Alternatively, an application specific integrated circuit (ASIC)
may implement one or more instructions that are adapted to realize
the aforementioned steps of the method of an aforementioned
embodiment of the invention, i.e. equivalent with the
aforementioned computer program product.
[0015] According to another aspect of the present invention, a
controlling module is provided to enable Listen-Before-Talk
measurement to allow identifying of one or more unoccupied RF
sub-bands applicable for radio frequency identification (RFID)
communication operable with a radio frequency identification (RFID)
reader subsystem. The controlling module is operable to exercise
control over a wireless communication subsystem and the radio
frequency identification (RFID) reader subsystem. The controlling
module is arranged for obtaining timing information relating to one
or more periods of activity of the wireless communication subsystem
therefrom. Further, the controlling module is configured to derive
information about one or more periods of non-activity from the
obtained timing information and the controlling module is arranged
for configuring the wireless communication subsystem to perform the
Listen-Before-Talk measurement in coordination with the one or more
periods of non-activity. The controlling module is adapted to
instruct the wireless communication subsystem to perform the
Listen-Before-Talk measurement to identify the one or more
unoccupied RF sub-bands.
[0016] According to another aspect of the present invention, a
terminal device is provided, which is enabled for
Listen-Before-Talk measurement to allow identifying of one or more
unoccupied RF sub-bands applicable for radio frequency
identification (RFID) communication operable with a radio frequency
identification (RFID) reader subsystem. The terminal device
comprises at least a wireless communication subsystem and the radio
frequency identification (RFID) reader subsystem and a controlling
module is provided, which is operable to exercise control over a
wireless communication subsystem and the radio frequency
identification (RFID) reader subsystem. The controlling module is
arranged for obtaining timing information relating to one or more
periods of activity of the wireless communication subsystem
therefrom and the controlling module is configured to derive
information about one or more periods of non-activity from the
timing information.

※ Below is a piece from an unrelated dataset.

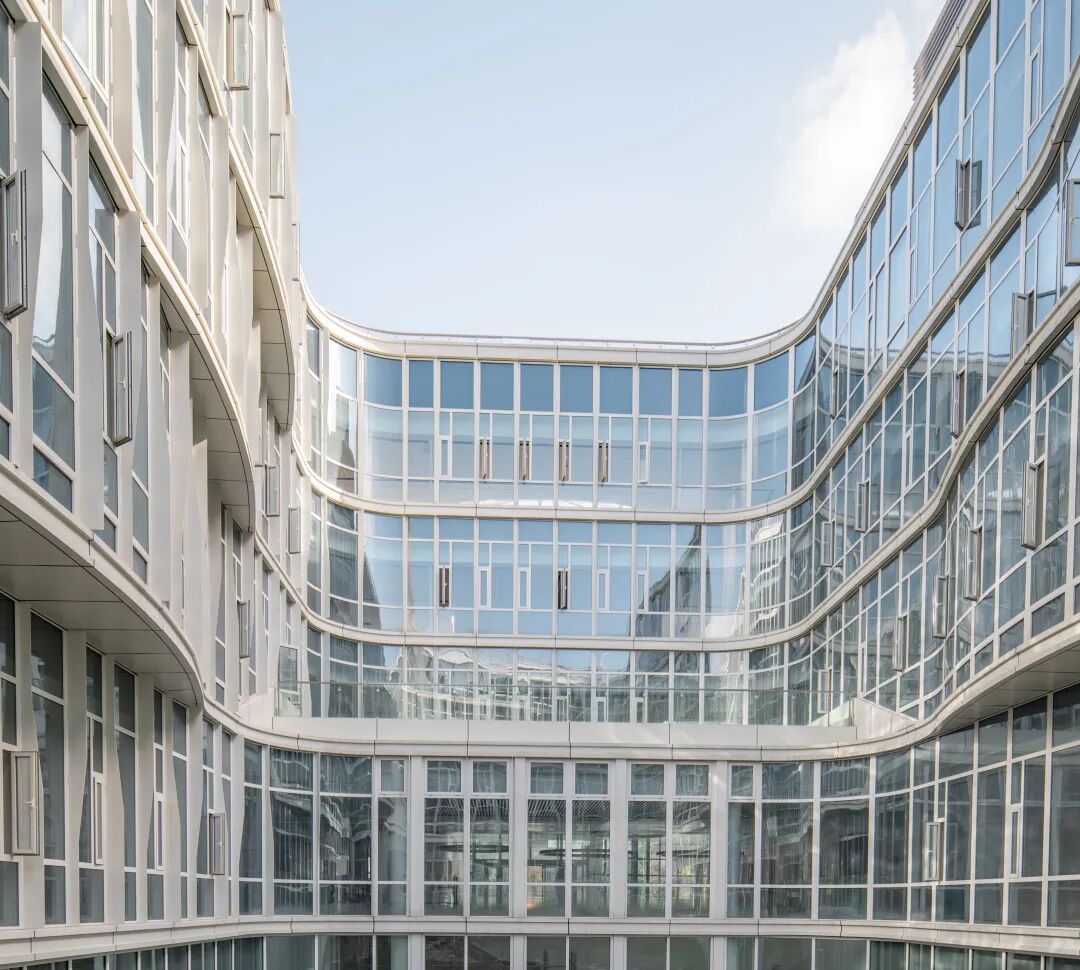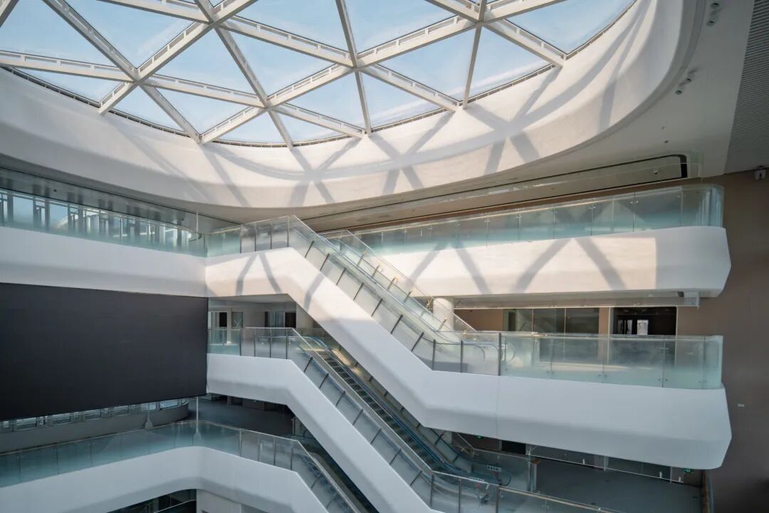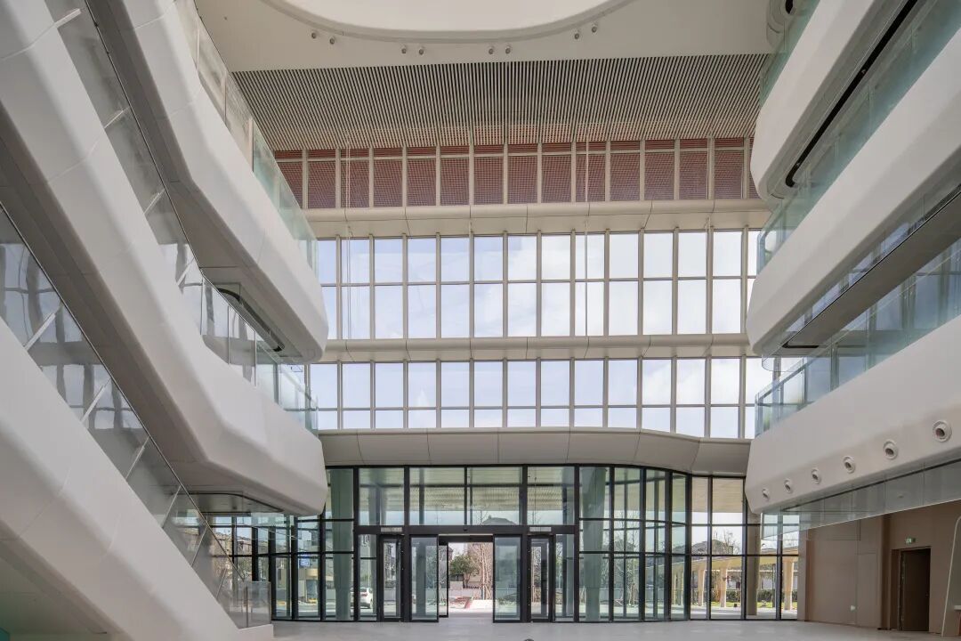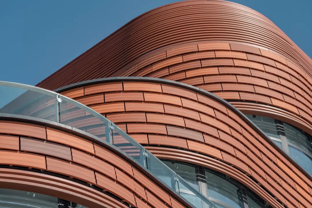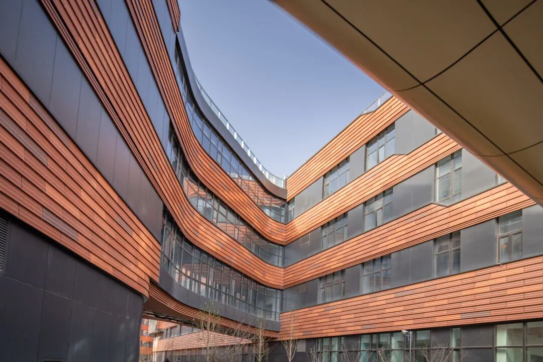 全面结构封顶匠心为本,让“篦齿”名副其实建筑表皮由弧形的黄色铜条与陶管包裹,层叠斜错的排列方式与水波纹的表面处理呈现了新院区的独属特征,既有“篦齿”的传统神韵,又别具现代前沿特色为满足妩媚抛物线形态的设计要求,整个幕墙结构共运用了陶土板幕墙、玻璃幕墙、铝合金盖板等在内的12种幕墙结构,总面积达3.6万平方米。

The controlling module is also arranged for
configuring the wireless communication subsystem to perform the
Listen-Before-Talk measurement in coordination with the one or more
periods of non-activity. Further, the controlling module is adapted
to instruct the wireless communication subsystem to perform the
Listen-Before-Talk measurement to identify the one or more
unoccupied RF sub-bands.
[0017] According to another aspect of the present invention, a
system is provided, which enables Listen-Before-Talk measurement to
allow identifying of one or more unoccupied RF sub-bands applicable
for radio frequency identification (RFID) communication operable
with a radio frequency identification (RFID) reader subsystem. The
system comprises at least a wireless communication subsystem and
the radio frequency identification (RFID) reader subsystem. A
controlling module of the system is provided, which is operable to
exercise control over a wireless communication subsystem and the
radio frequency identification (RFID) reader subsystem. The
controlling module is arranged for obtaining timing information
relating to one or more periods of activity of the wireless
communication subsystem therefrom and the controlling module is
configured to derive information about one or more periods of
non-activity from the timing information. The controlling module is
also arranged for configuring the wireless communication subsystem
to perform the Listen-Before-Talk measurement in coordination with
the one or more periods of non-activity. Further, the controlling
module is adapted to instruct the wireless communication subsystem
to perform the Listen-Before-Talk measurement to identify the one
or more unoccupied RF sub-bands.
[0018] For a better understanding of the present invention and to
understand how the same may be brought into effect reference will
now be made, by way of illustration only, to the accompanying
drawings, in which:
[0019] FIG. 1 illustrates schematically principle block diagrams
depicting typical components of a radio frequency identification
(RFID) transponder and a radio frequency identification (RFID)
reader subsystem;
[0020] FIG. 2 illustrates schematically a frequency allocation
diagram in accordance with the ETSI (European Telecommunications
Standards Institute) EN 302 308 Regulation;
[0021] FIG. 3 illustrates schematically a principle block diagram
of a portable cellular terminal enabled for radio frequency
identification (RFID) communication according to an embodiment of
the present invention;
[0022] FIG. 4 illustrates schematically receiver threshold levels
in accordance with the frequency allocation conform to ETSI EN 302
308 Regulation;
[0023] FIG. 5 illustrates schematically a further principle block
diagram of the portable cellular terminal enabled for radio
frequency identification (RFID) communication according to an
embodiment of the present invention;
[0024] FIG. 6 illustrates schematically an operational sequence
applicable to a Listen-Before-Talk (LBT) mechanism according to an
embodiment of the present invention; and
[0025] FIG. 7 illustrates schematically a frame structure in
accordance with GSM (Global System for Mobile Communication)
Standard.
[0026] Throughout the description below, same and/or equal
components will be referred by the same reference numerals.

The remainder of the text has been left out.